Question

How do you solve: \[\dfrac{{x - 1}}{{x - 2}} + \dfrac{{x - 3}}{{x - 4}} = \dfrac{{10}}{3}\]?

Answer 1

Hint: To solve this question, we will first take the LCM, then we will cross multiply the denominators. Further we will expand the terms in the brackets. Then we will shift all the terms to LHS and make the RHS equal to zero. After that we will solve the quadratic equation to obtain the value of \[x\].

Complete step by step solution:
We have;
\[\dfrac{{x - 1}}{{x - 2}} + \dfrac{{x - 3}}{{x - 4}} = \dfrac{{10}}{3}\]
Now we take the LCM of the denominators and multiply correspondingly. So, we get;
\[ \Rightarrow \dfrac{{\left( {x - 1} \right)\left( {x - 4} \right) + \left( {x - 3} \right)\left( {x - 2} \right)}}{{\left( {x - 2} \right)\left( {x - 4} \right)}} = \dfrac{{10}}{3}\]
Now we will multiply the terms and expand the brackets. So, we have;
\[ \Rightarrow \dfrac{{{x^2} - 4x - x + 4 + {x^2} - 2x - 3x + 6}}{{{x^2} - 4x - 2x + 8}} = \dfrac{{10}}{3}\]
Adding and subtracting the like terms in the numerator and denominator we get;
\[ \Rightarrow \dfrac{{2{x^2} - 10x + 10}}{{{x^2} - 6x + 8}} = \dfrac{{10}}{3}\]
Now we will cross multiply the denominators. So, we get;
\[ \Rightarrow 3\left( {2{x^2} - 10x + 10} \right) = 10\left( {{x^2} - 6x + 8} \right)\]
Now we will expand the brackets. So, we have;
\[ \Rightarrow 6{x^2} - 30x + 30 = 10{x^2} - 60x + 80\]
Now we will shift all the terms to RHS and add and subtract the like terms. So, we get;
\[ \Rightarrow - 4{x^2} + 30x - 50 = 0\]
Multiplying both sides with minus one we get;
\[ \Rightarrow 4{x^2} - 30x + 50 = 0\]
Now we will solve this quadratic by middle term splitting. So, we get;
\[ \Rightarrow 4{x^2} - 20x - 10x + 50 = 0\]
Now we will group the terms and take out the common. So, we have;
\[ \Rightarrow 4x\left( {x - 5} \right) - 10\left( {x - 5} \right) = 0\]
Now we will take \[\left( {x - 5} \right)\] common. So, we have;
\[ \Rightarrow \left( {4x - 10} \right)\left( {x - 5} \right) = 0\]
Now we will equate each term separately to zero.
\[\therefore 4x - 10 = 0\]
\[ \Rightarrow x = \dfrac{{10}}{4}\]
On simplification we get;
\[ \Rightarrow x = \dfrac{5}{2}\]
Also,
\[x - 5 = 0\]
\[ \Rightarrow x = 5\]
So, we have \[ \Rightarrow x = 5,\dfrac{5}{2}\].

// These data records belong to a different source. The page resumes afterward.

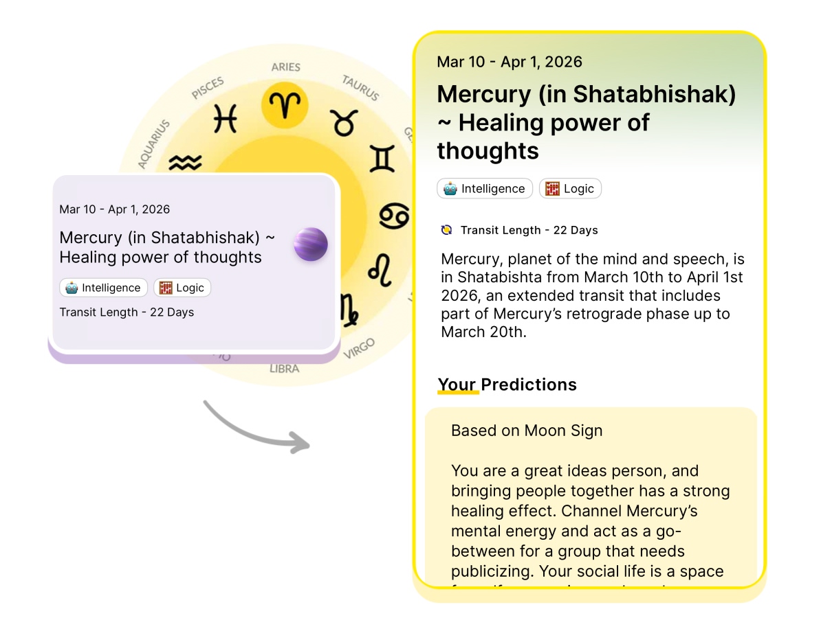 Mercury, planet of the mind and speech, is in Shatabishta from March 10th to April 1st 2026, an extended transit that includes part of Mercury’s retrograde phase up to March 20th.
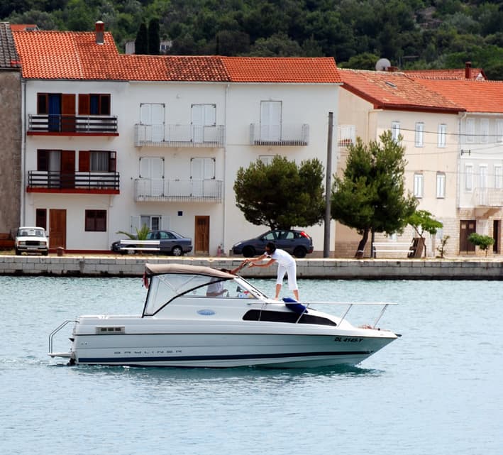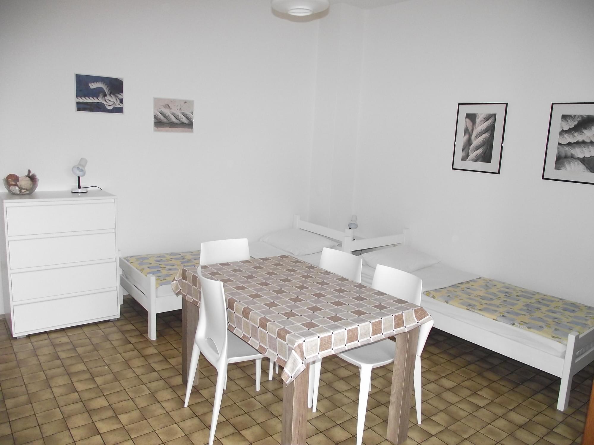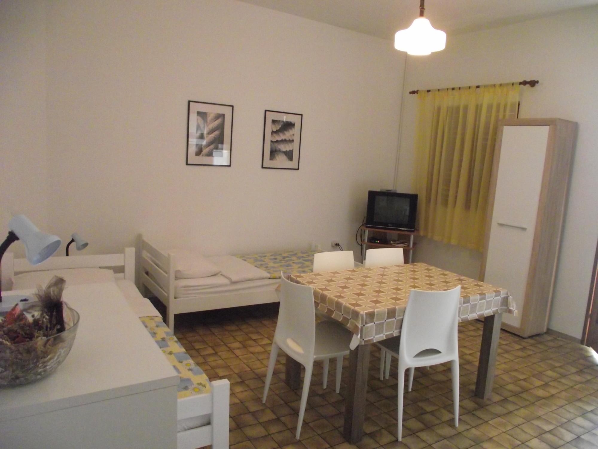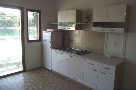 3 apartmana 2+2, svaki je za 2,3, ili osobe. Sastoji se od 1 spavaće sobe cca 14m2 s bračnim krevetom, kuhinje-dnevne sobe u jedno cca 25 m2 sa 2 normalna odvojena kreveta, kupaonioce, balkon s pogledom na more. Udaljenost od mora je 15m, a od najbliže plaže 70 m. CIJENA po dogovoru od 25 – 52 eura ovisno od termina i broja osoba.
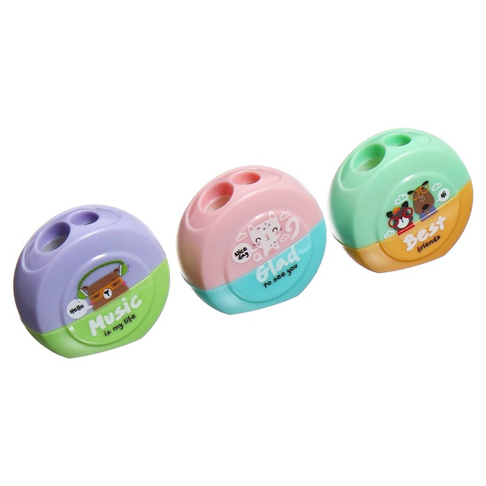 Точилка пластиковая MESHU "Best friends", 2 отверстия, ассорти
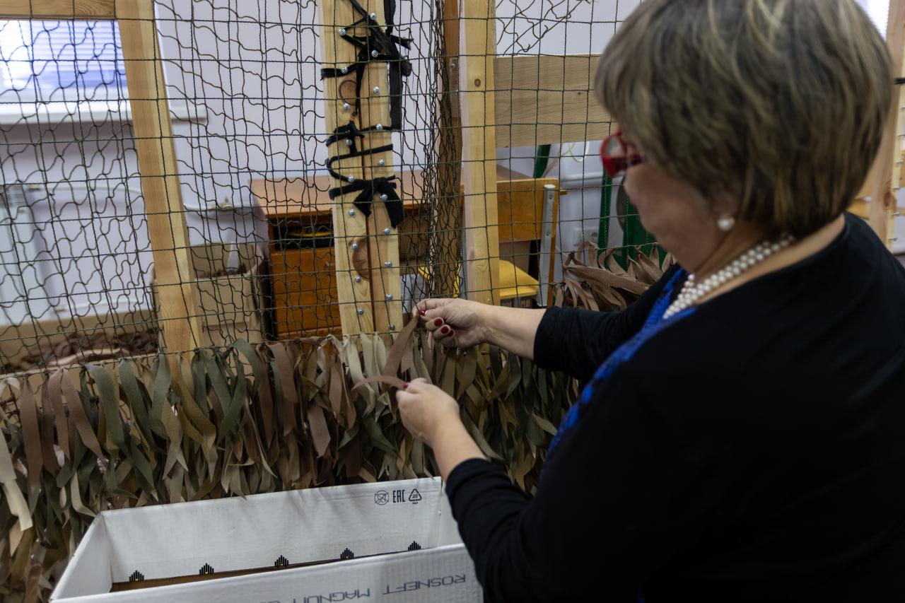 Сразу после открытия экспозиции в аудитории 2002 добровольцы УГГУ провели для всех желающих мастер-класс по плетению сетей. Напомним, что изготовлением защитных накидок и сбором гуманитарной помощи для российских военных в университете занимаются уже несколько лет. За свой самоотверженный труд активисты были отмечены на IV Форуме волонтеров СВО, который проходил в Екатеринбурге в начале февраля. Директор ИДПО УГГУ Андрей Лёгостев, специалист ИДПО Ирина Болтенкова, водитель Николай Давыдов и студенты Александр Вирц (гр. ГСД-21) и Илья Петрожицкий (гр. ПБ.ш-23-2) получили благодарственные письма от Свердловского регионального отделения Всероссийского комитета поддержки президента России В.В. Путина. А заведующую лабораторией кафедры горного дела Елену Риве наградили не только благодарственным письмом, но и медалью «За содействие СВО».

Note: One important point to note is that in the solution we have used the middle term splitting method to solve the quadratic equation but it is not always possible to use this method. In those cases, we can use the direct formula for finding the roots of a quadratic equation which is given by:
\[x = \dfrac{{ - b \pm \sqrt {{b^2} - 4ac} }}{{2a}}\]
Where, \[b\] is the coefficient of \[x\], \[a\] is the coefficient of \[{x^2}\] and \[c\] is the constant term.